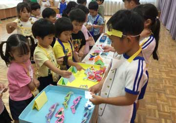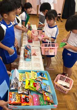 お買い物券を持って、各クラスからお客さんがやってきました♪
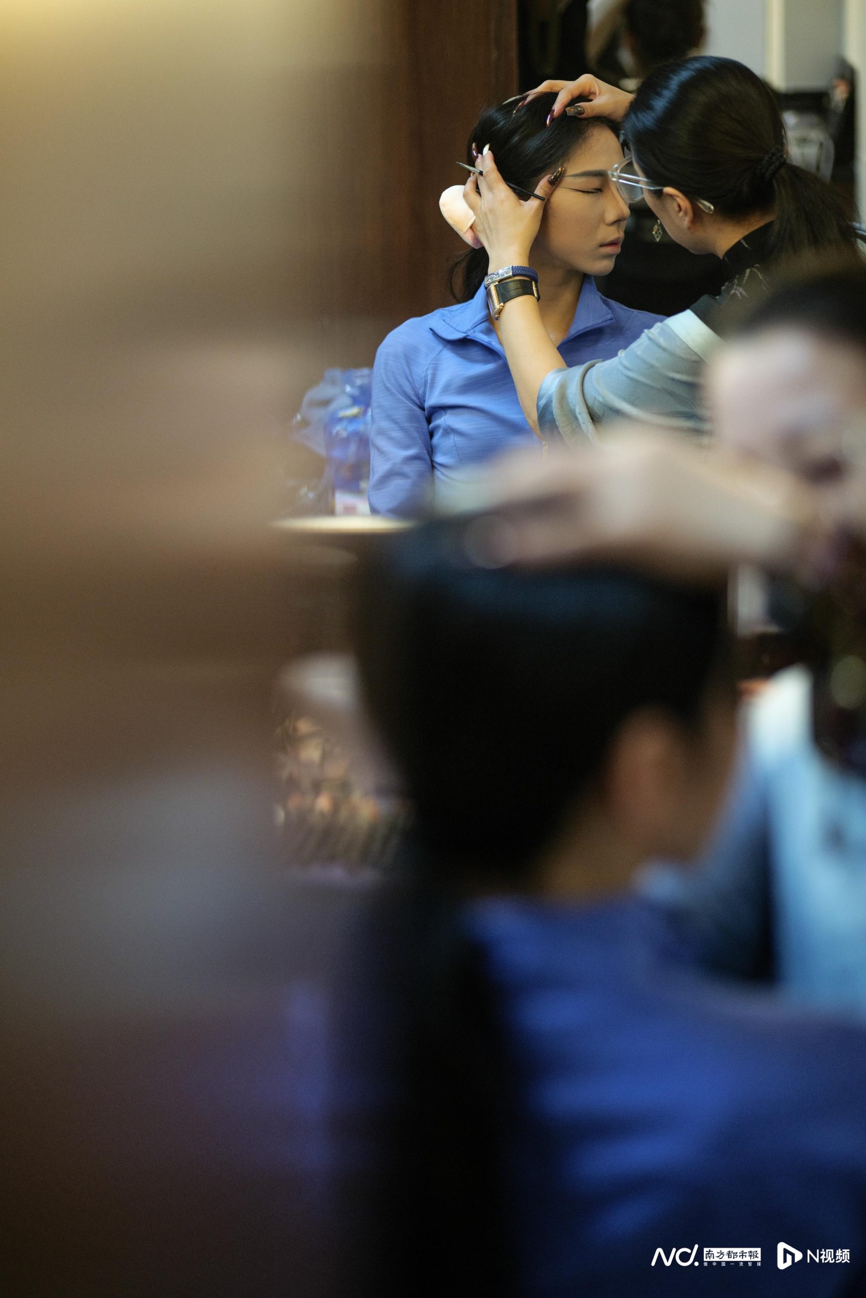 11月9日,首次全妆演出前,王岩在给主演梁琦琦化妆。
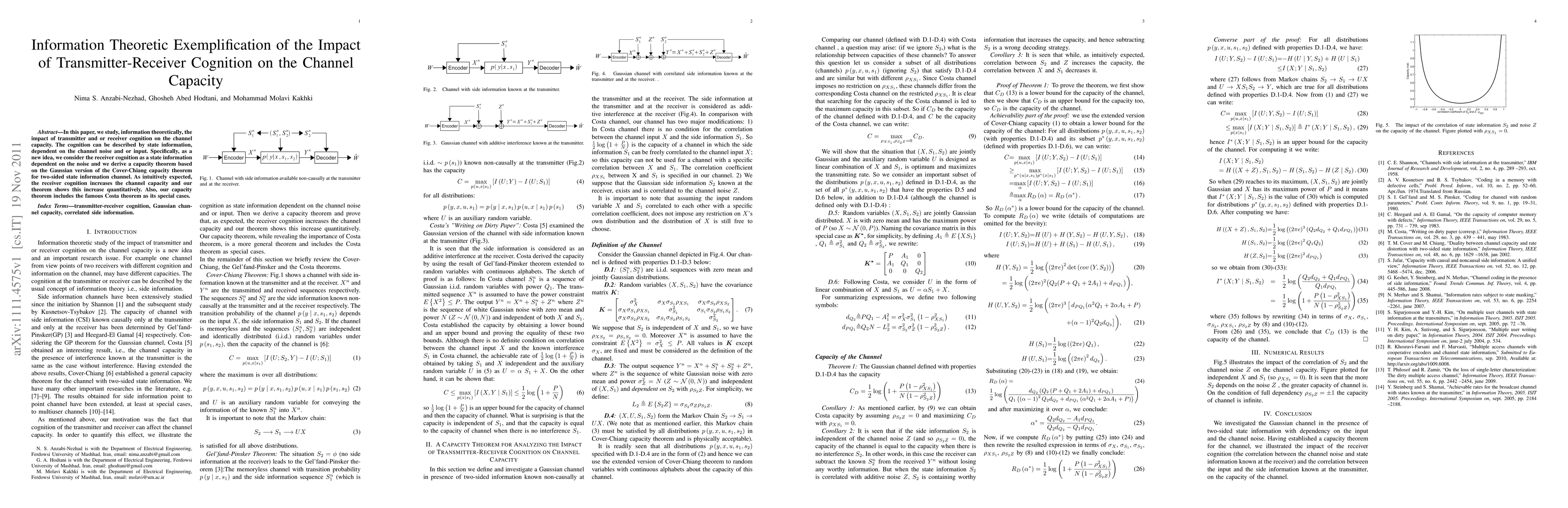 This paper investigates how transmitter and receiver cognition, characterized by state information dependent on channel noise, impacts channel capacity. The authors derive a capacity theorem that quantifies the increase in capacity due to receiver cognition, showing that it encompasses the Costa theorem as a special case.

•••••

**What is expected:** Copy every line of the data exactly as written, excluding the pictures.

**Final answer:**
 お買い物券を持って、各クラスからお客さんがやってきました♪
 11月9日,首次全妆演出前,王岩在给主演梁琦琦化妆。
 This paper investigates how transmitter and receiver cognition, characterized by state information dependent on channel noise, impacts channel capacity. The authors derive a capacity theorem that quantifies the increase in capacity due to receiver cognition, showing that it encompasses the Costa theorem as a special case.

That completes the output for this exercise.